The primary advantage of IIR filters over FIR filters is that they typically meet a given set of specifications with a much lower filter order than a corresponding FIR filter. Although IIR filters have nonlinear phase, data processing within MATLAB is commonly performed "off-line," that is, the entire data sequence is available prior to filtering. This allows for a noncausal, zero-phase filtering approach (via the filtfilt function), which eliminates the nonlinear phase distortion of an IIR filter.

The classical IIR filters, Butterworth, Chebyshev Types I and II, elliptic, and Bessel, all approximate the ideal "brick wall" filter in different ways. This toolbox provides functions to create all these types of classical IIR filters in both the analog and digital domains (except Bessel, for which only the analog case is supported), and in lowpass, highpass, bandpass, and bandstop configurations. For most filter types, you can also find the lowest filter order that fits a given filter specification in terms of passband and stopband attenuation, and transition width(s).

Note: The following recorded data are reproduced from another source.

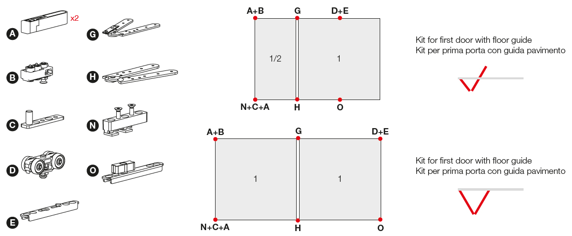 Sada kování pro dvě křídla se skládacími závěsy. Verze se spodním vedením, bez magnetické aretace. Pro výšku dveří max. 2400mm, nosnost 80kg/1 křídlo. Tloušťka materiálu 26 - 45mm. Barva černá (práškově lakovaná).
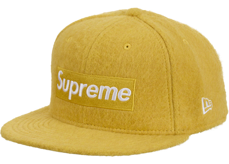The Supreme Mohair Box Logo New Era Dark Yellow is now available at Side Kicks!
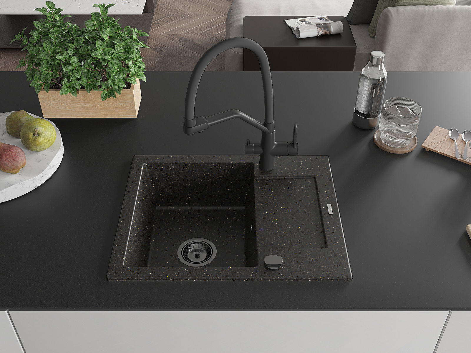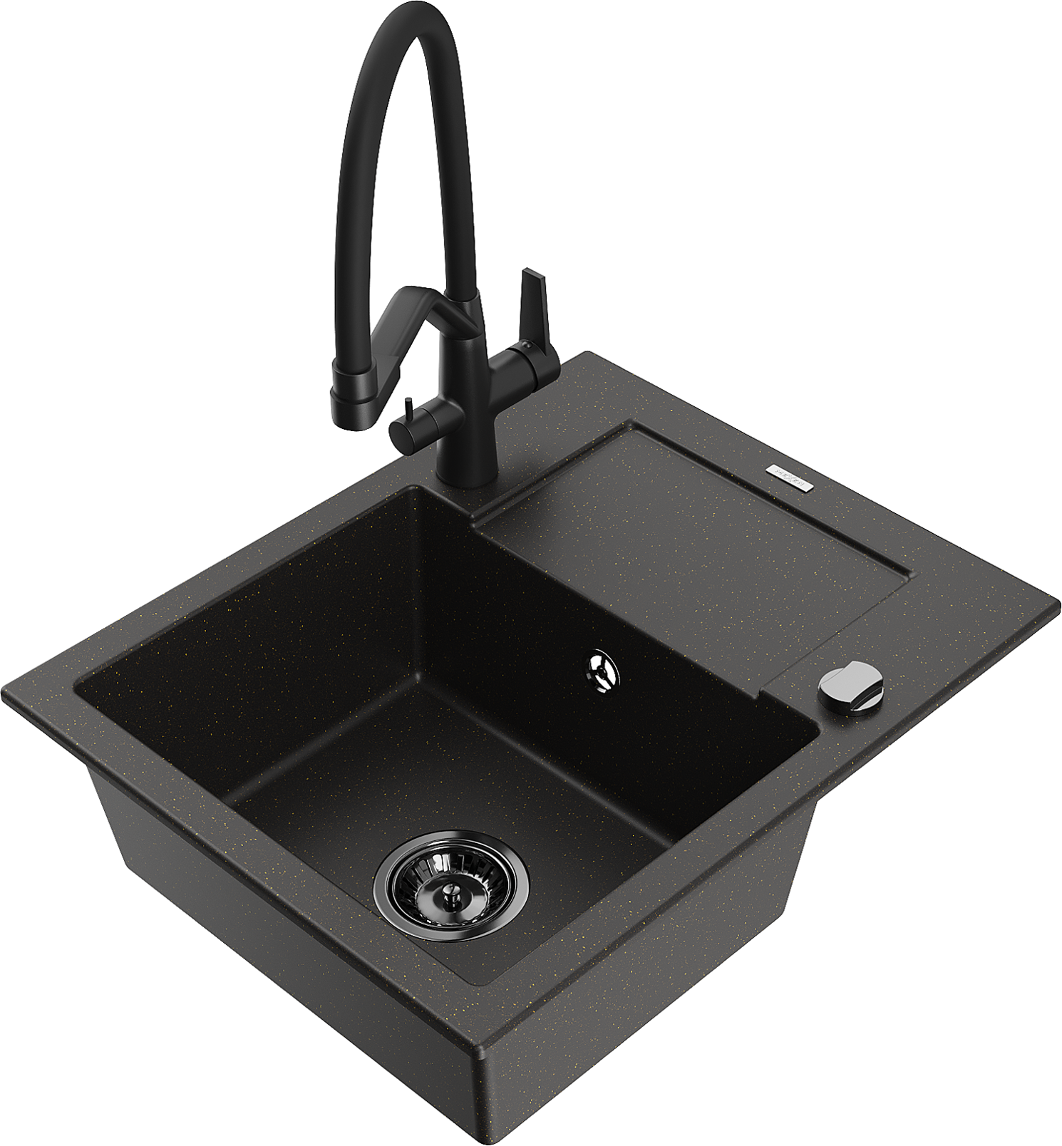Mexen Enzo granitinis vienos kameros virtuvės kriauklė su nutekėjimu ir Duo virtuvės maišytuvu, juodas/auksinis metalikas
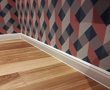 Немецкий плинтус Дёллькен из ХДФ на древесноволокнистой основе перекроет зазор между стеной и полом до 19мм.
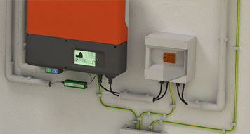 For å beskytte vekselretteren til solenergianlegget optimalt bør det alltid benyttes et apparat til overspenningsvern på DC-siden. På AC-siden bør det minst benyttes et apparat til overspenningsvern på matepunktet til det elektriske anlegget. Er vekselretteren mer enn 10 m ledningslengde fra matepunktet, bør overspenningsvernet gjentas direkte foran vekselretteren på AC-siden.
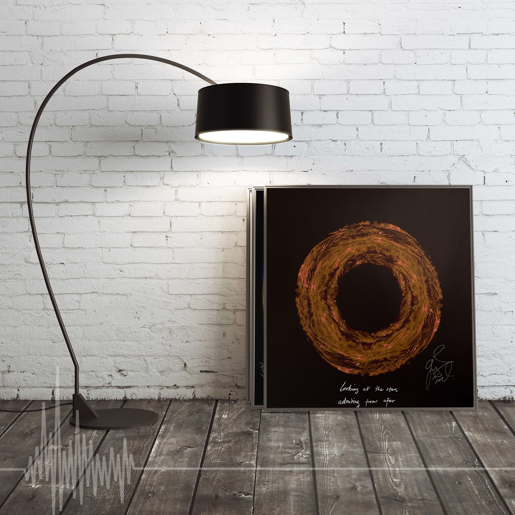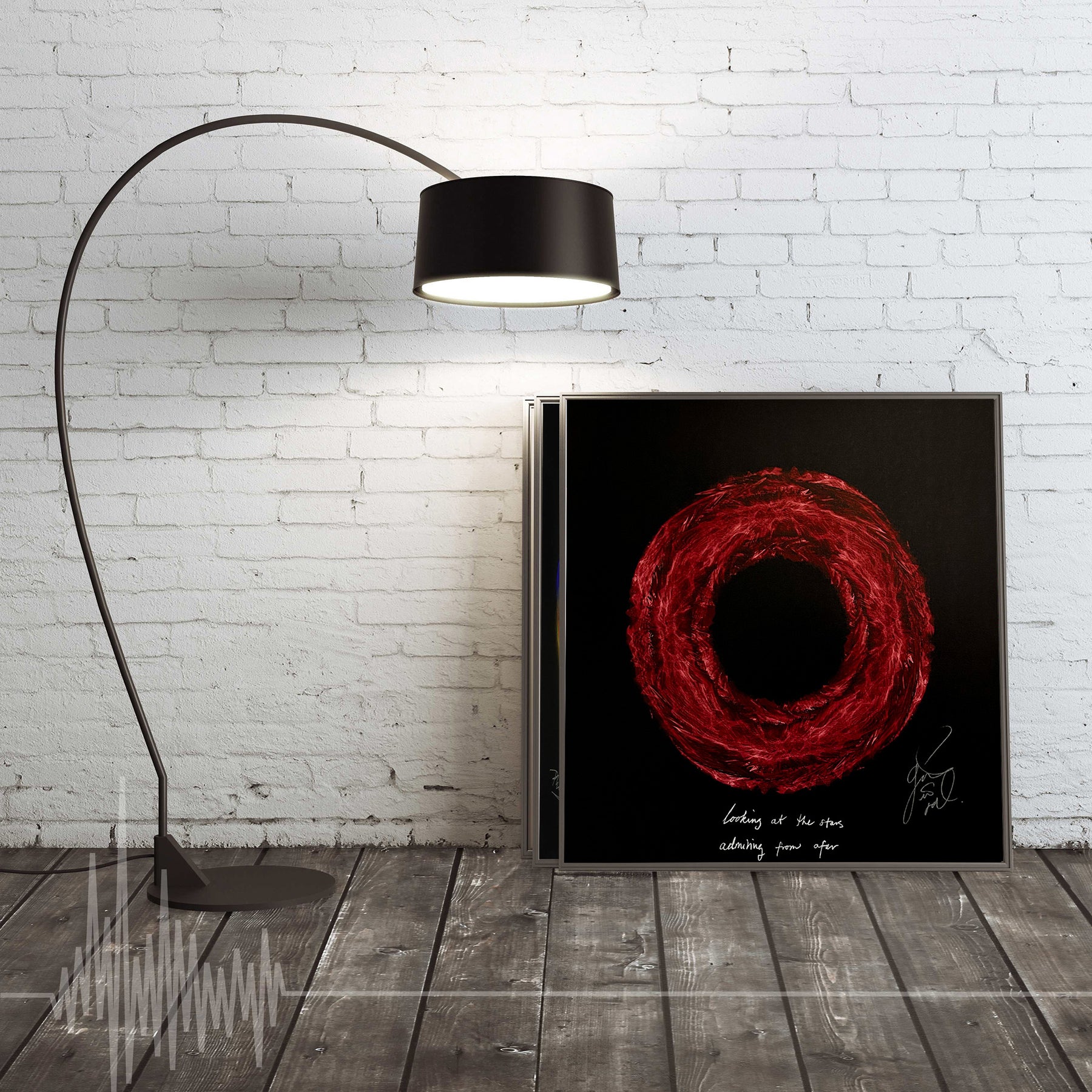 Our Originals measure 38″ x 38″ and often feature a lyric or the title of the song written by the artist in addition to their signature. These are much more limited edition – there is only one Original created per design. Originals sometimes come in alternate color palettes or wave designs to the prints.
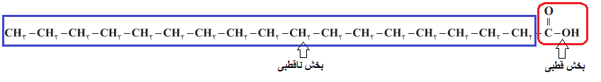 در مورد اسید چرب (ساختار 1) گروه کربوکسیل بخش قطبی بوده و قسمت هیدروکربنی، بخش ناقطبی میباشد:
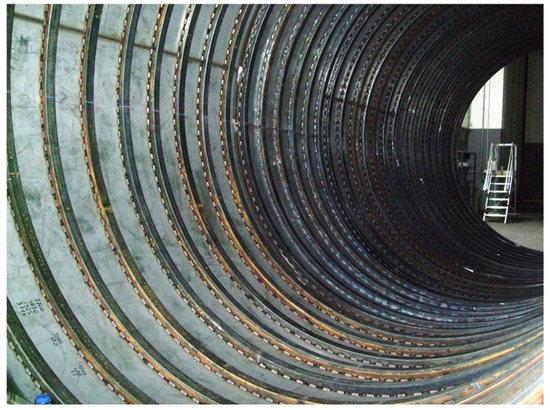 It would therefore seem that the use of Cryogel ® Z increases the weight of the tank by about 116% with respect to the traditional perlite-based system. However, it must be considered that the insulation with perlite + vacuum makes it necessary to strengthen the external casing to be able to resist crushing due to the vacuum-preventing tank collapse phenomena. As illustrated in Figure 4, such an operation is carried out through circumferential stiffening rings welded on the internal surface of the tank casing [20,21]. Considering a center distance of about 220 mm, for a 13 m tank (analyzed in this work) about 13000/220 = 60 stiffening rings would be needed in adopting the perlite-based insulation system. The set of rings, generally made of S275JR structural steel, would contribute a total weight of 800 kg [17]. By using the Cryogel ® Z system, the strengthening ring arrangement can be omitted, as it operates in the absence of vacuum condition, thus considerably reducing the weight increase compared to the perlite-based insulation by more than 50%. The above considerations were deduced by fixing the same thickness of the outer casing for the two types of insulating systems (perlite + vacuum and Cryogel ® Z) for simplicity in the FEM analysis. However, in the case of the Cryogel ® Z blanket, since it does not have to realize the vacuum condition, the airtight cavity is not necessary, and the outer casing has the sole purpose of protecting the insulating material. Therefore, other lightweight materials (e.g., aluminum) can also be used for the external casing replacing the steel, meaning the thickness can be reduced by at least 1 mm without any structural problems for the tank. These additional aspects make it possible to achieve, for the same volume of LNG transported, tanks insulated with Cryogel ® Z with a lower tare weight than tanks insulated with the perlite + vacuum system.
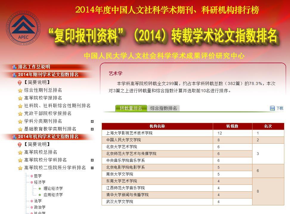 3月31日,2014年度“复印报刊资料”转载学术论文指数排行榜正式发布。在艺术学门类高校二级院所学术论文转载量与综合指数这两个核心指标方面,德赢ac米兰官方合作vwin影视学院稳居全国第一。排名第二名至第五名的高校院所分别是中国人民大学文学院、北京大学艺术学院、中央音乐学院音乐学系、北京师范大学艺术与传媒学院。
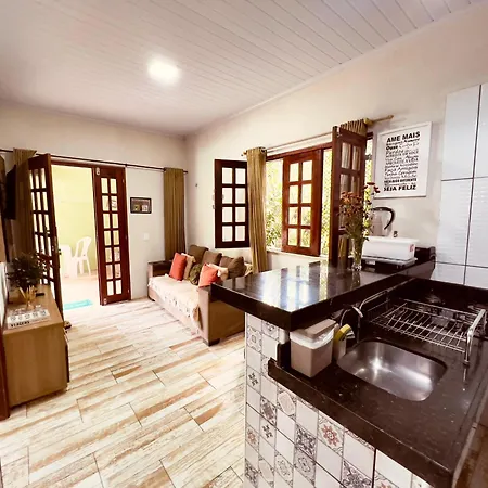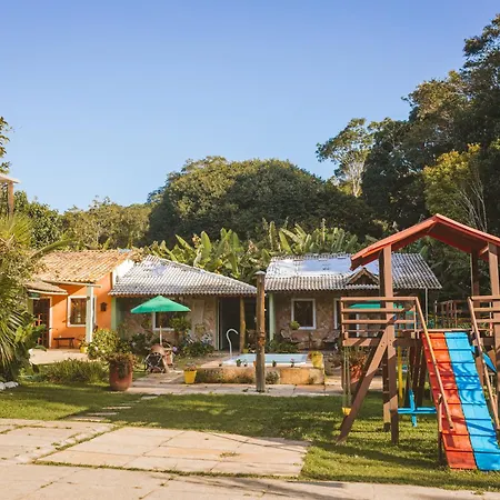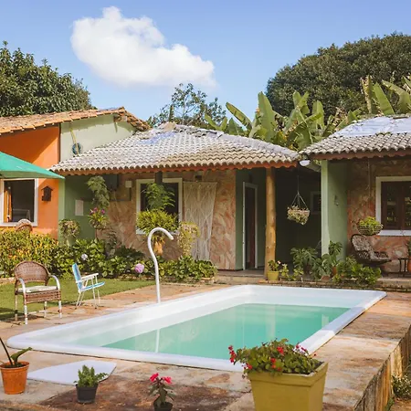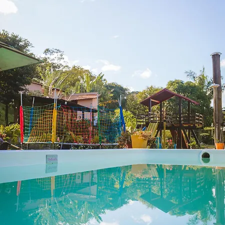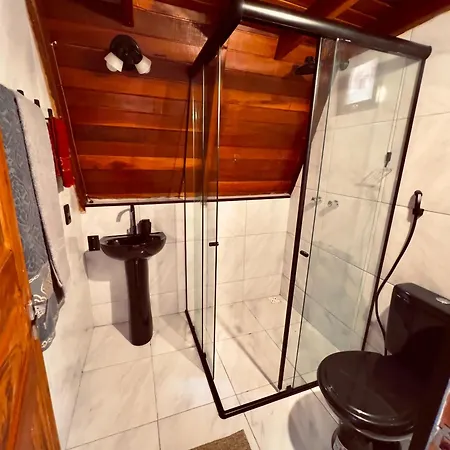 Von den Fenstern der Villa aus können Gäste einen Blick auf den Pool genießen. Die Estancia Dos Passaros verfügt über ein Badezimmer mit einer Dusche.
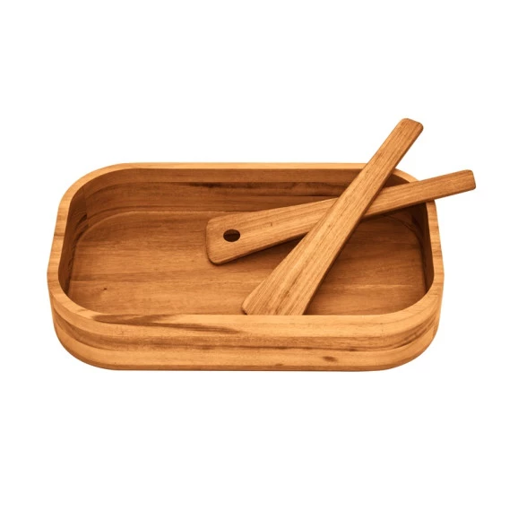 Especificações complementaresAcabamento: Verniz AtóxicoItens que acompanham: 2 utensílios de madeira -
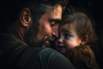 A bearded father embracing and hugging his child, fatherly love, generative AI illustration
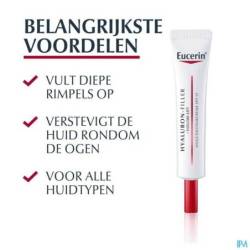 Le Soin Contour des Yeux Eucerin HYALURON-FILLER + VOLUME-LIFT agit sur les plis et le relâchement de la peau causés par la perte de volume cutané et exerce une action ciblée sur la zone sensible du contour de l'œil. Avec ses trois ingrédients actifs complémentaires, ce soin cliniquement testé contribue à redéfinir le contour de l'œil. Actif naturel, le
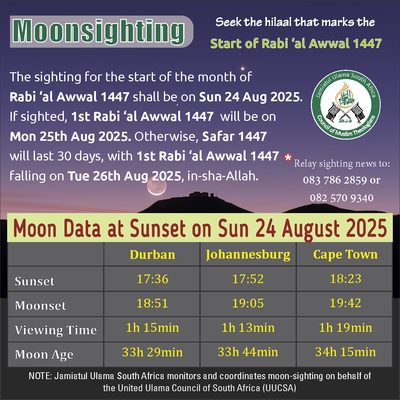 UUCSA will announce the official results of moon-sighting after confirmation procedures have been completed during Sunday evening, in-sha-Allah.
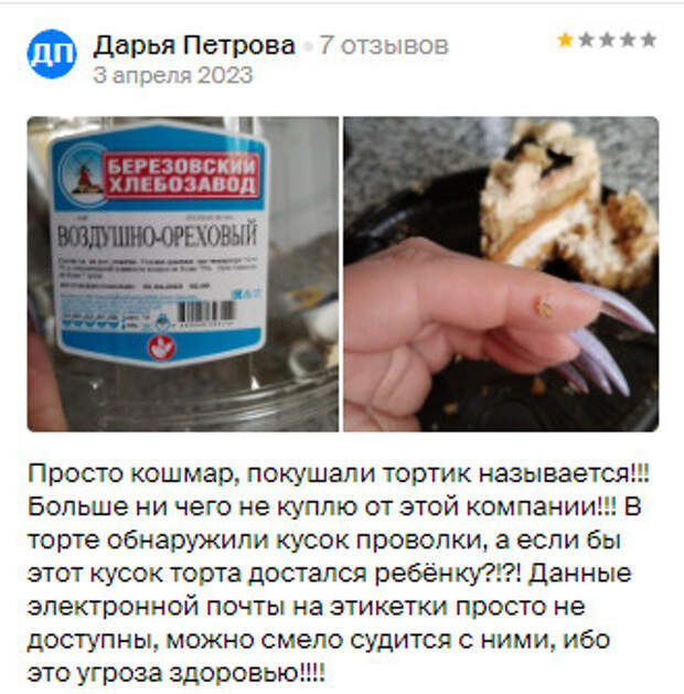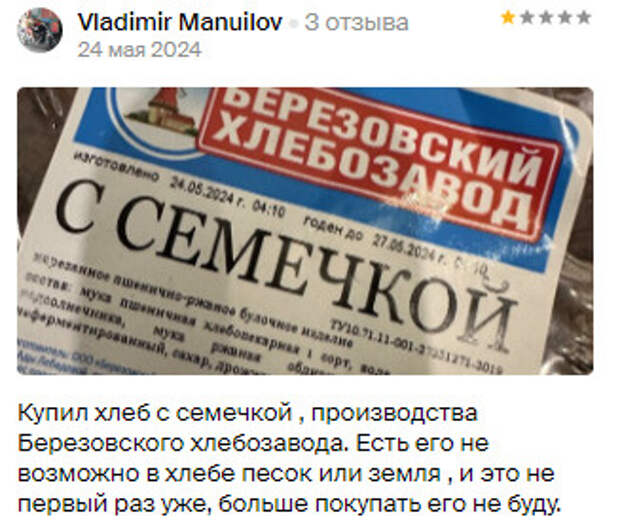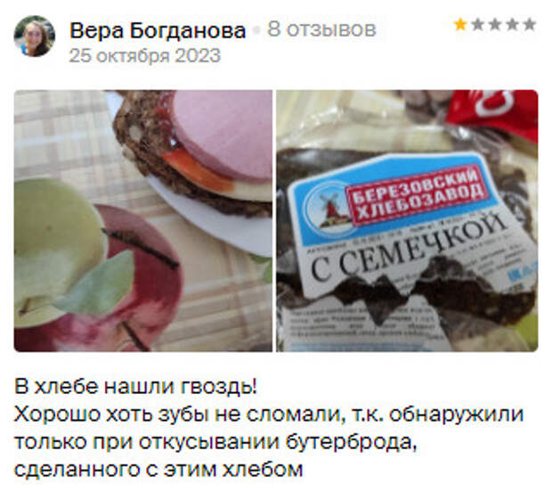 На 2gis.ru мы нашли много отрицательных отзывов про продукцию «Березовского хлебозавода». Похоже, люди неоднократно находили лишние «добавки» в мучных изделиях.
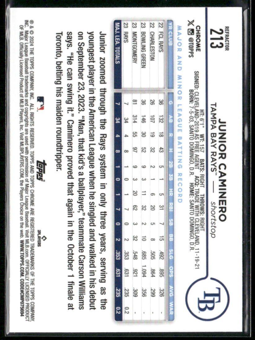 2024 Topps Chrome #213 Junior Caminero Refractors
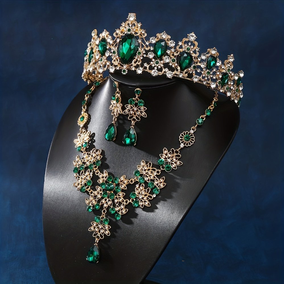 Baroque Crystal Bridal Jewelry Set Vintage Golden Green Rhinestone Wedding
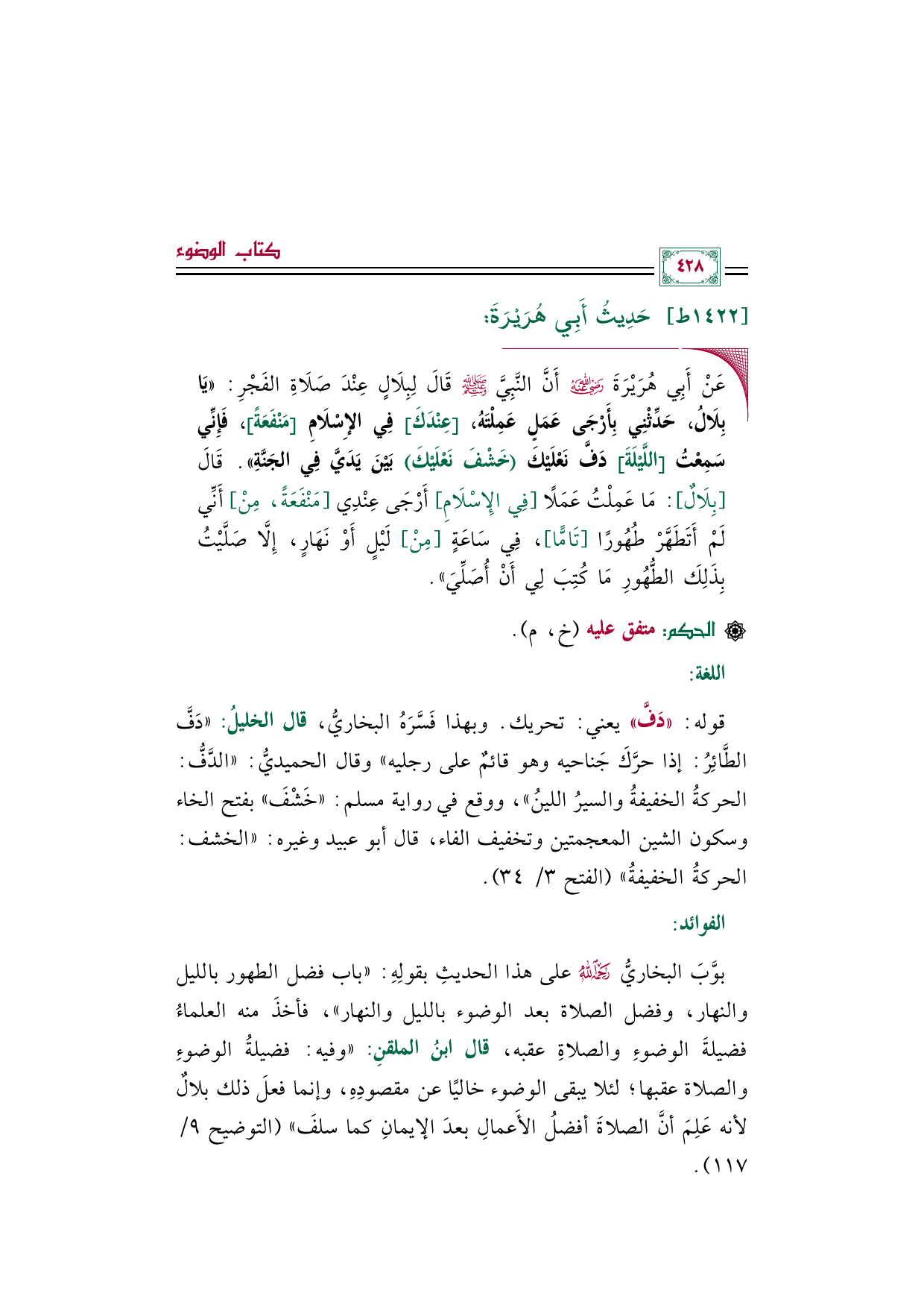 بوَّبَ البخاريُّ رحمه الله على هذا الحديثِ بقولِهِ: "باب فضل الطهور بالليل والنهار، وفضل الصلاة بعد الوضوء بالليل والنهار"، فأخذَ منه العلماءُ فضيلةَ الوضوءِ والصلاةِ عقبه، قال ابنُ الملقنِ: "وفيه: فضيلةُ الوضوءِ والصلاة عقبها؛ لئلا يبقى الوضوء خاليًا عن مقصودِهِ، وإنما فعلَ ذلك بلالٌ لأنه عَلِمَ أنَّ الصلاةَ أفضلُ الأَعمالِ بعدَ الإيمانِ كما سلفَ" (التوضيح ٩/ ١١٧).
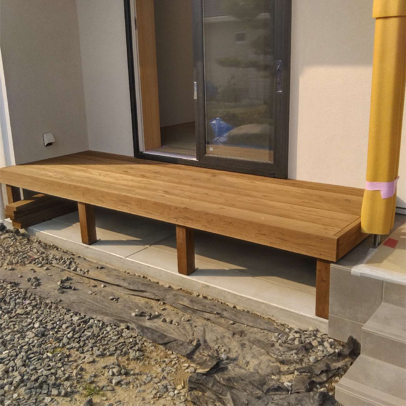 h典棟梁が、最後の仕上げ、ウッドデッキを施工しに来ました。その他『ホシ姫サマ』や手すりなども取り付けてくれました。来週クリーニングを行い、a様のご厚意により4月5日㈯・6日㈰に見学会を開催いたします。外の気温が暖かくなってしまったので、高断熱高気密の家の良さを体感していただけないかも知れませんが、h典棟梁とk池大棟梁はじめ、多くの職人さんの丁寧な仕事ぶりを是非見にご来場ください。お待ちしております!
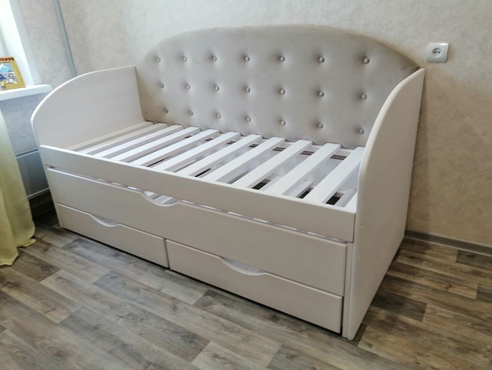 В комплекте: выдвижной ящик 2 шт., бортик 2шт. Спальное место: 80х160 см. Материал: массив сосны.

The direct filter design function yulewalk finds a filter with magnitude response approximating a desired function. This is one way to create a multiband bandpass filter.

You can also use the parametric modeling or system identification functions to design IIR filters. These functions are discussed in Parametric Modeling.

The generalized Butterworth design function maxflat is discussed in the section Generalized Butterworth Filter Design.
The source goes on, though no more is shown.